Provided information
'''

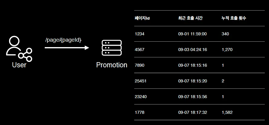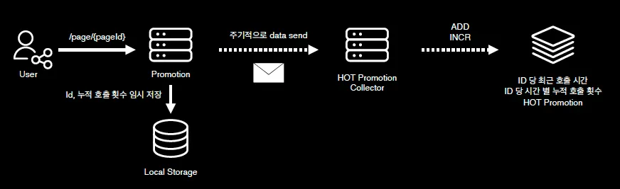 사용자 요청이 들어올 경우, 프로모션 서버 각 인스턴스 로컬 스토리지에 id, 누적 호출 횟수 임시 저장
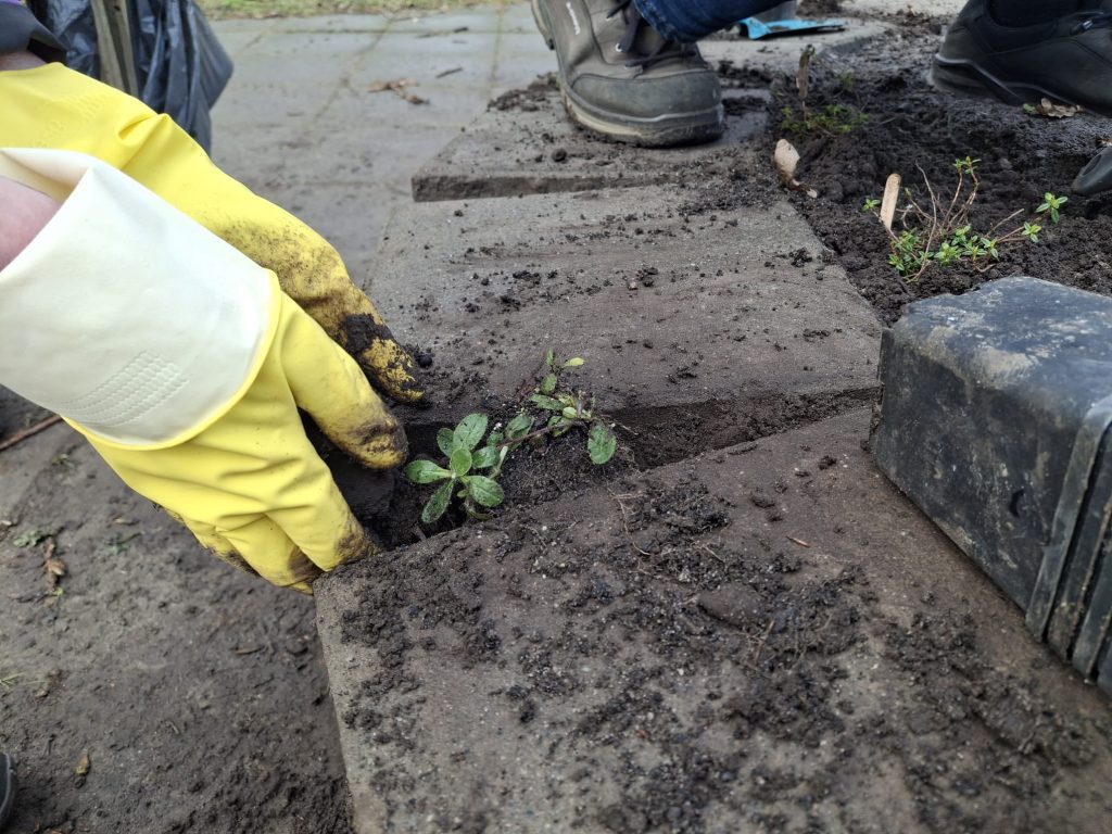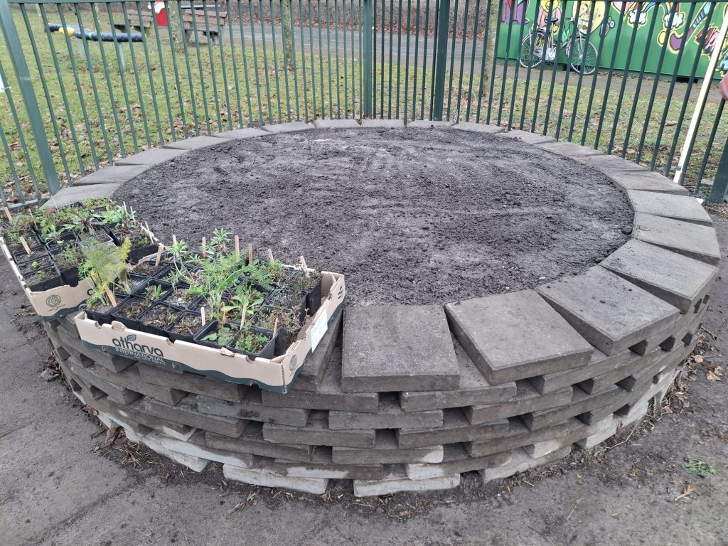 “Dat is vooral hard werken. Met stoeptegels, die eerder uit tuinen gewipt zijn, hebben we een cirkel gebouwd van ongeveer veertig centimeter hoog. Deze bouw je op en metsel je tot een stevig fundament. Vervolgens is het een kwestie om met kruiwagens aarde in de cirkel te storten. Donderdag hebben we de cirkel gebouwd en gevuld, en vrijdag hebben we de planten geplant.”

'''
'''

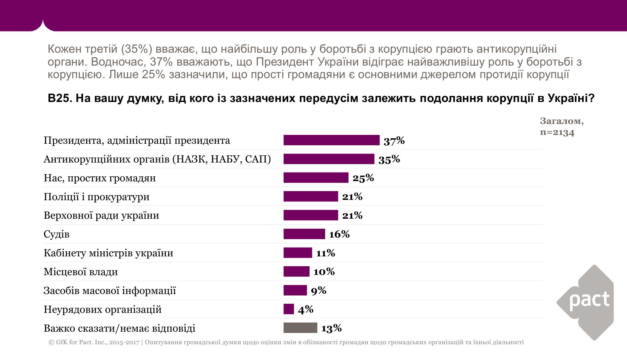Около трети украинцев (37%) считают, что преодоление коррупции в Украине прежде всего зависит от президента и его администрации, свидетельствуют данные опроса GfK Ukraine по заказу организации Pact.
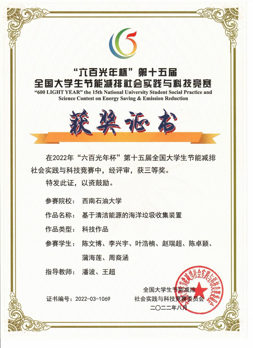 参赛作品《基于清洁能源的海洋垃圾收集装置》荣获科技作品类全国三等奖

'''

An exact copy of the lines above from the one with "Около трети украинцев" up to and including the one with "参赛作品《基于清洁能源的海洋垃圾收集装置》荣获科技作品类全国三等奖" is required; reproduce only those lines, omitting all pictures.

Task output
Около трети украинцев (37%) считают, что преодоление коррупции в Украине прежде всего зависит от президента и его администрации, свидетельствуют данные опроса GfK Ukraine по заказу организации Pact.
 参赛作品《基于清洁能源的海洋垃圾收集装置》荣获科技作品类全国三等奖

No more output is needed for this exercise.